Забывшись, он закурил. И вдруг услышал стук в окно, го­лос Дарьи:

—  Тимофей, открой!

Мужик кинулся к дверям, сорвал крючок из петли.

—  Ключ от дома в халате забыла, вот и пришлось вернуться. А ты почему куришь здесь? - Она нахмурила брови.

—  Падла буду, завязал! Все! Ни одной на сегодня, - пообе­щал Тимофей и гладил глазами Дарьину фигуру. - Не торо­пись, Даша. Посиди со мной. Ты такая красивая, даже страшно мне. И не хочется тебя отпускать. Побудь, не откажи, - подо­шел вплотную.

—  Это ты что, в любви мне объясняешься? А что ж вчера было?

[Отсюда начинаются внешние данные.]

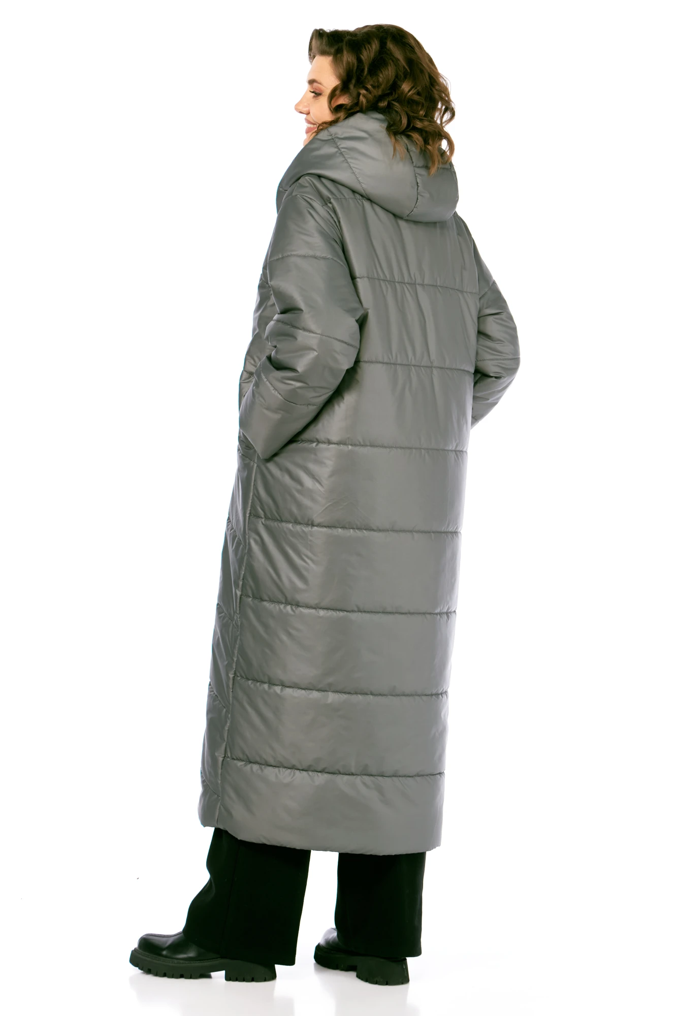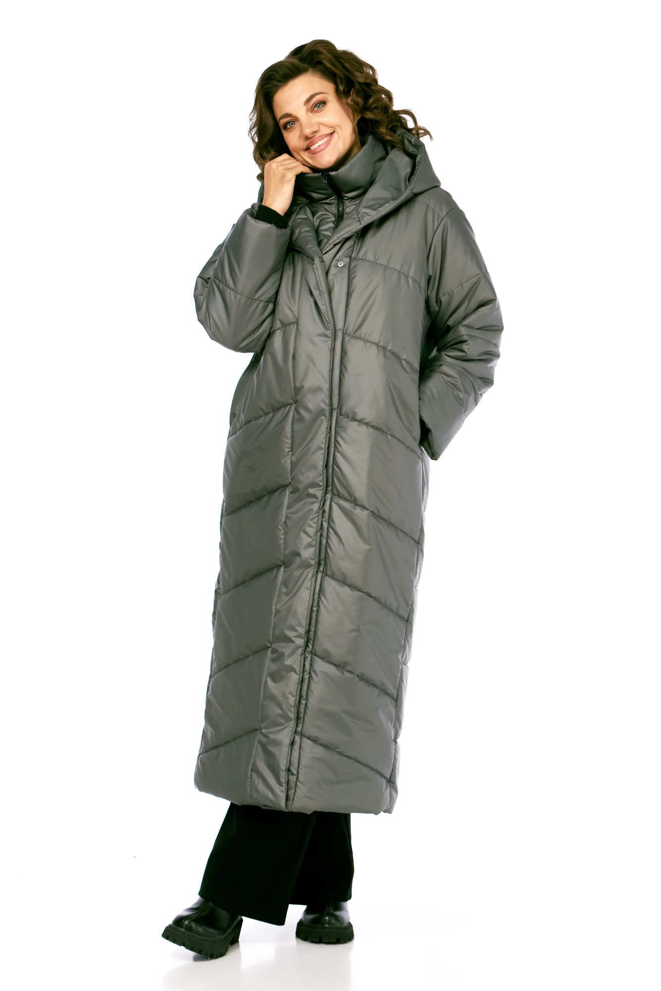 Пальто женское утепленное (длиной до щиколотки). Спинка с горизонтальной стежкой. Боковые швы смещены на перед. Полочки выстеганы по косой. Боковые карманы обработаны в швах. Рукав втачной, одношовный с трикотажными манжетами из-под подгибки. Паьлто с притачной манишкой, которая с воротником-стойкой и на "молнии". Капюшон соединен с планкой, которая застегивается на кнопки сверху до низа изделия. Температурный режим до -10 градусов.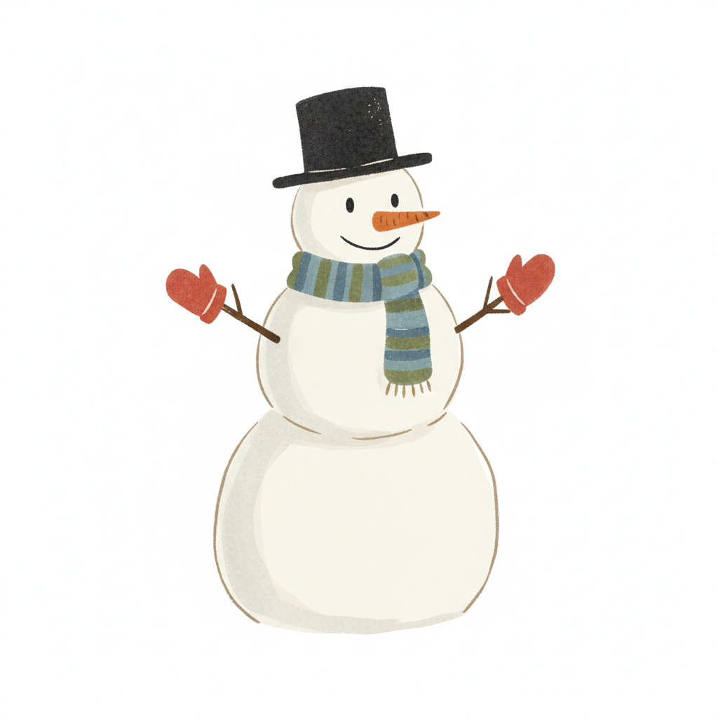 Ein fröhlicher Schneemann mit Hut, Schal und roten Handschuhen.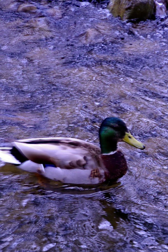 Male Mallard Duck in the River Hodder at Dunsop Bridge.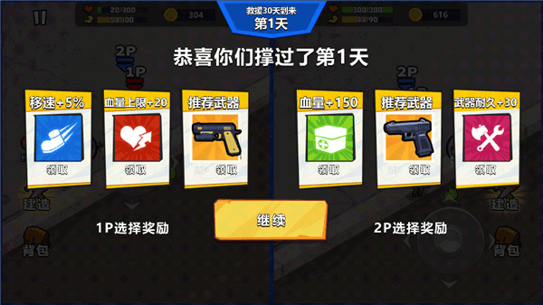 双人末日求生是一款末日生存类型的射击游戏,现代城市文明被摧毁,秩序被破坏,一切资源都需要你去发掘创造,但是面对源源不断的僵尸大军,玩家需要努力消灭他们并活下去。这也是一款双人同屏游戏,游戏的玩法简单,只需要利用物资在城市上生存下去,就并不难,但是我们发现这座城市到晚上会变得异常恐怖,各种变异的动物和僵尸,在晚上都会来袭击我们,玩家通过建造庇护所,武器,来获得救援,虽然晚上会有很多僵尸袭击玩家,但是只要有装备,都是小意思,而且每一天都会有三个卡牌选择,玩家三选一,不,应该是二选一,三选二,所以很奈斯,而且开局人物选择,还有一些人物是有特殊技能的。末日生存这类游戏玩法,一直以来深受玩家喜爱,现在的社会和平稳定,大部分人没有体会到物资匮乏,而带来的生存绝望,在游戏声讯模式长夜漫漫之中,玩家可以体会到生存的刺激紧张感,快来合理配备你的武器,建设一个属于你自己的伊甸园吧!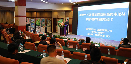 在專家座談中,四川省中藥行業(yè)協(xié)會(huì)會(huì)長石才金;四川大學(xué)華西藥學(xué)院教授張浩;四川省中醫(yī)藥科學(xué)院教授舒光明;四川農(nóng)業(yè)大學(xué)教授田孟良;四川省農(nóng)科院經(jīng)作所研究員張超;四川省農(nóng)業(yè)廳高級農(nóng)藝師李濤等領(lǐng)導(dǎo)、專家作了專題演講,國光作物調(diào)控技術(shù)研究院中藥材所負(fù)責(zé)人就植物生長調(diào)節(jié)劑在塊根莖類中藥材提質(zhì)增產(chǎn)的應(yīng)用技術(shù)進(jìn)行了分享。

—  Не с того начал. Не знал, как обратить на себя твое вни­мание. Прости. Одичал за семь лет. Понять могла. А за сегодня спасибо тебе, - быстро, скользом, поцеловал в висок.

Дарья усмехнулась. Присела к столу. Ей нравились компли­менты. Она так давно не слышала их, что ей стало казаться, будто она совсем состарилась, подурнела.

Тимофей встал за ее спиной. Тихо погладил плечо бабы. Та резко встала, будто стряхнув минутное оцепенение, сказала в раздумье:

—  К фартовым, как я понимаю, тебе не светит возвращать­ся. Но приткнуться нужно где-то, работать, жить. Вот и при­смотрись. Может, в селе останешься, подыщешь подходящее место. А может, лучшее придумаешь.

—  Что может быть лучше бабы? Да только одна беда. Не примешь меня. Теперь я тебе не ровня.

—  Почему? Кочегар в бане нужен. Работай. Но без пьянок. У нас в неделю два выходных. Зато рабочие дни - с утра до ночи.

—  Я подумаю, - пообещал Тимоха и спросил: - Только кочегар нужен?

—  Больше никто! - твердо ответила Дарья, став снова вче­рашней, колючей. Взявшись за ручку двери, сказала, уходя: - До утра подумай...

Когда Дарья ушла, Тимофей снова лег на лавку.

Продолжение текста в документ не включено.